AGATHA: Barbara Cartland is all right, I suppose, if you like that kind of thing, but I still prefer Schopenhauer.

DORIS: Did Schopenhauer ever write a romance?

AGATHA: No, I don't think so.

DORIS: Well, there you are.

AGATHA: He did write The World as Will and Representation, though. Does that count for anything?

DORIS: No, not in my view. Not unless it's a romance.

ETHEL: I wonder if Hans Reichenbach ever wrote a romance?

DORIS: Well, I must be off. I have a lot of work to do at home. We're having a visit from the Queen this evening.

AGATHA: A visit from the Queen?

ETHEL: Oh, that's nice.

DORIS: Yes, she usually comes round our way at least once a month. Sometimes she brings Philip along, too. She likes to let her hair down and have a good laugh. She says it keeps her in touch with the everyday life of the common people. She gets tired of being cooped up in that bloody palace all the time.

ETHEL: Fancy that, the Queen letting her hair down!

AGATHA: I think the Queen is a lovely person. For a monarch, I mean.

ETHEL: Yes, she's a lovely person.

DORIS: Well, cheerio!

AGATHA: Say hello to Her Majesty for us!

(Doris walks away.)

ETHEL: Where is the bus? It should have been here a long time ago.

AGATHA: Yes, it's quite late.

ETHEL: They're probably on strike again.

AGATHA: They're always on strike!

ETHEL: Yes, it does seem that way.

AGATHA: That's what comes of reading Karl Marx.

ETHEL: Karl Marx?

AGATHA: Yes, the drivers spend a great deal of their time reading Karl Marx.

ETHEL: How do you know that?

AGATHA: One of my neighbors told me. Mrs. Flottington, who lives down the road. She has a nephew who drives a bus, and according to her, he said that all the drivers spend a great deal of their time reading Karl Marx. If you ask me, they should be reading Arthur Schopenhauer, not Karl Marx. Arthur Schopenhauer is much better than Karl Marx. For that matter, Hans Reichenbach is better than Karl Marx. Even Barbara Cartland is better than Karl Marx.

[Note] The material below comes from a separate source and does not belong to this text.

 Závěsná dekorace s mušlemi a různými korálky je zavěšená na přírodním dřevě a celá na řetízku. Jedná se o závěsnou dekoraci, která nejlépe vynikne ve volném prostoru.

ETHEL: What have you got against Karl Marx?

AGATHA: That beard! I don't like men with beards.

ETHEL: My uncle has a beard.

AGATHA: Is he a communist?

ETHEL: No, he's a Methodist.

AGATHA: If he has a beard, he might be only posing as a Methodist for public purposes. In private, when no one is looking, he might be a communist.

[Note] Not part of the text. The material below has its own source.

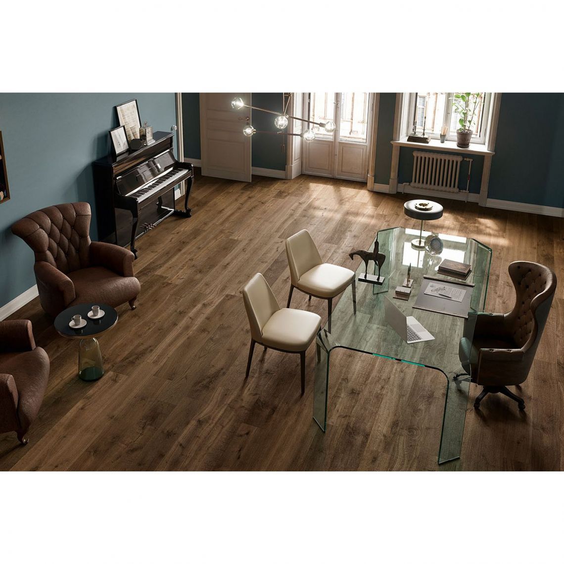Зміни кольору дерев'яного підлогового покриття, викликані впливом світла протягом тривалого періоду часу, були реалістично відтворені в плитці з імітацією дерев'яних плит і рейок, в якій відтінки варіюються від інтенсивного коричневого кольору до світлого пшеничного, від медового до бурштинового.

ETHEL: What about Father Christmas? He has a beard.

AGATHA: Well, that's different.

ETHEL: Why is it different?

AGATHA: Because it is.

ETHEL: There's still no sign of the bus. We could be waiting until the end of time.

AGATHA: I can't wait until the end of time! I have laundry to do!

ETHEL: It's just an expression, Agatha. I didn't mean that we would actually be waiting until the end of time.

AGATHA: Oh well, that's all right. As long as it's only an expression.

ETHEL: I think we've waited long enough. The bus is never going to be here. Shall we start walking?

AGATHA: Where are we going?

ETHEL: To the promised land.

AGATHA: Isn't that near Scunthorpe?

ETHEL: No, I think it's nearer to Kirmington.

AGATHA: Well, as long as I'm home in time to do my laundry.